Он нанизывал один вопрос на другой, это была цепочка загадок, физики не могли резрешить их собственными силами — Курчатов не скрывал некомпетентности. Хлопин смотрел на Курчатова и тоже удивлялся — молчаливо, не показывая этого ни единым словом, ни одним недоуменным жестом. Удивлялся Курчатову, удивлялся и себе. Хлопину казалось прежде, что он хорошо знает этого человека. Он плохо знал его. Он помнил физика, во всем похожего на этого, но иного — шумного, веселого, властного, такого энергичного, что от его энергии порою некуда было деться. Тот, прежний, всех подчинял себе, во все вмешивался, даже когда не просили, — особенно охотно, когда не просили, — свое дело в его глазах было если не единственно важным, то во всяком случае самым важным. И он делал массу полезного, наладил циклотрон, открыл изомерию ядер, но практичность чудовищно совмещалась с заоблачностью. Все в нем было противоречиво. Исследование абстрактнейших проблем и общественная деятельность — председатель месткома, агитатор, даже член Ленсовета.
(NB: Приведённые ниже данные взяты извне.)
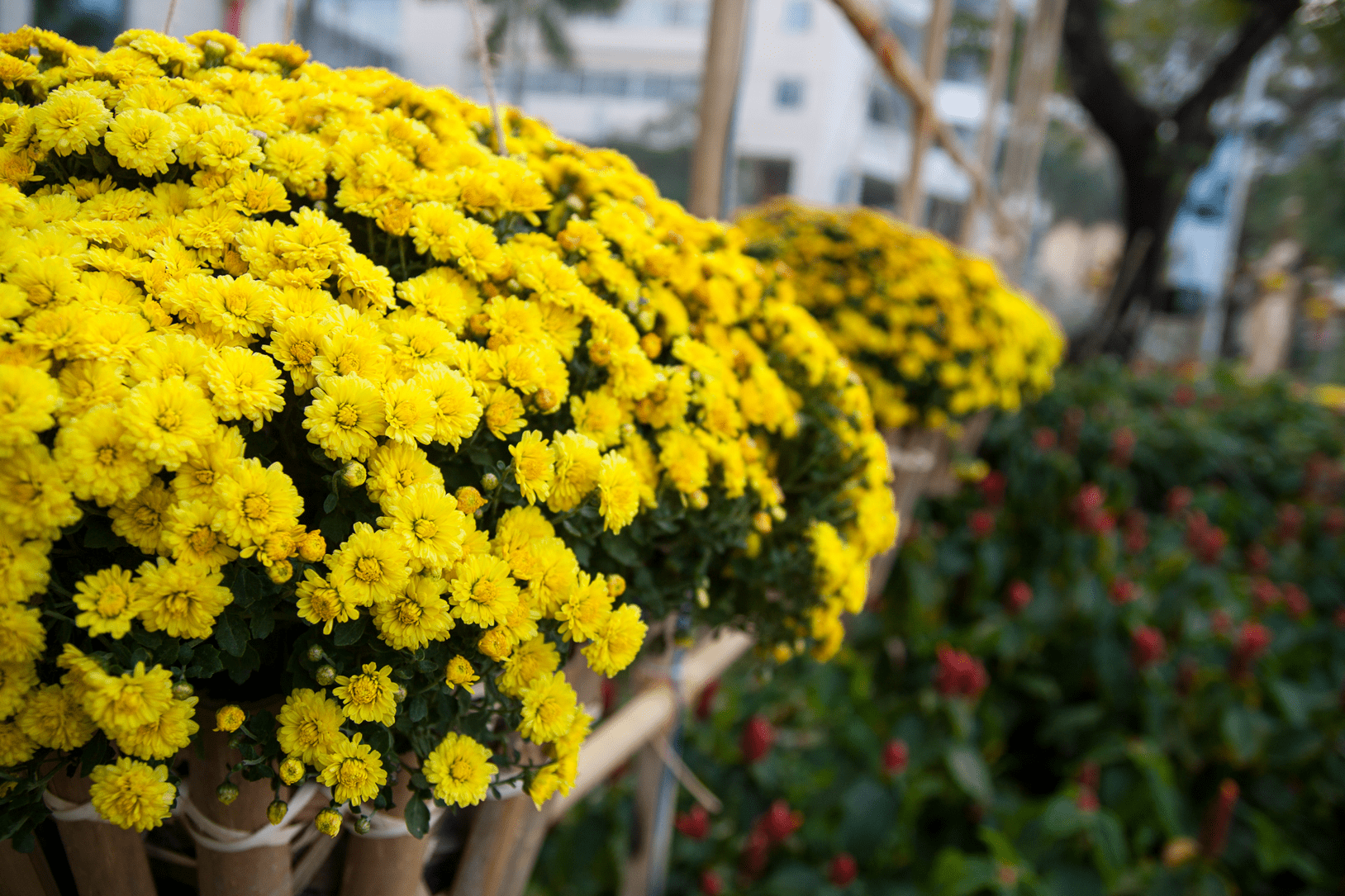 Đường Nguyễn huệ ở trung tâm Sài Gòn đột nhiên ngừng mọi hoạt động để dành chỗ cho hội hoa xuân hàng năm dài tới 1km, với khoảng 100.000 chậu hoa xếp hàng tạo thành hành lang hoa lộng lẫy. Tuy thế, có hai màu chủ đạo thường thấy trong dịp Tết là màu đỏ và màu vàng. Màu đỏ tượng trưng cho an lành và hơi ấm, với hoa cúc đỏ, hồng thắm hay hoa trạng nguyên. Màu vàng, màu của kim tiền, bừng nở với những cúc đại đóa, vạn thọ, hướng dương, và đặc biệt là cánh mai vàng tươi mới của đất trời phương Nam.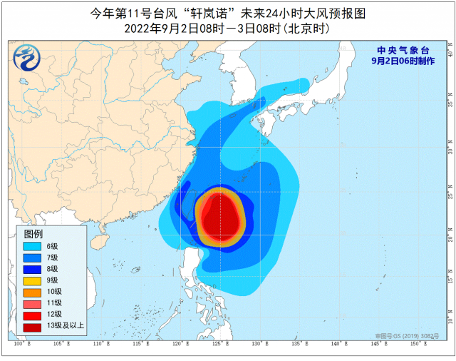 大風預報:9月2日08時至3日08時,巴士海峽、臺灣海峽、臺灣以東洋面、東海大部及釣魚島附近海域、長江口區(qū)、杭州灣,以及臺灣島北部和東部沿海、福建中北部沿海、浙江沿海、上海沿海、江蘇南部沿海將有6-8級大風,陣風9-10級,其中臺灣以東洋面的風力有9-12級,陣風11-15級,“軒嵐諾”中心經(jīng)過的附近海面的風力有13-15級,陣風可達16-17級。

Тонкие опыты — и физический труд, молоток и отвертка вперемешку с карандашом: днем комбинезон в масле, ночи — над иностранными журналами. Даже внешность противоречива — энергии и напора на десяток людей, а в лице, очень красивом, что-то женственное, почти безвольное. Хлопин всю жизнь прожил среди ученых, встречался с великими людьми науки — все они были какие-то иные! Вероятно, его раздражало в Курчатове именно то, что тот мало соответствовал привычному облику ученого. И еще одно вдруг понял Хлопин — настолько важное, что оно как бы бросило иной свет на все свершившееся. Он недавно счел за обиду, что новую его программу от него забрали. Он хотел сделать РИАН центром исследований урана, с ним не согласились, грубо указали на его скромное место, нанесли оскорбление как ученому — так он воспринял известие о новосозданной лаборатории. Не было обиды Не было оскорбления. Было нечто совершенно иное — высокое уважение к нему как ученому, понимание его исключительности. Уважение слышится в каждом слове Курчатова, он открыто подчеркивает уникальность того, что просит радиохимиков совершить. Все правильно, все правильно! Программу Хлопина могут осуществить и радиохимики, и новый коллектив Курчатова. Но исследовать девяносто четвертый способны лишь радиохимики, физикам это сегодня не под силу. И вот Курчатов предлагает: «Не занимайтесь тем, что я могу сделать без вас. Возьмите на себя то, что только вам по плечу. Мы этого сделать не можем».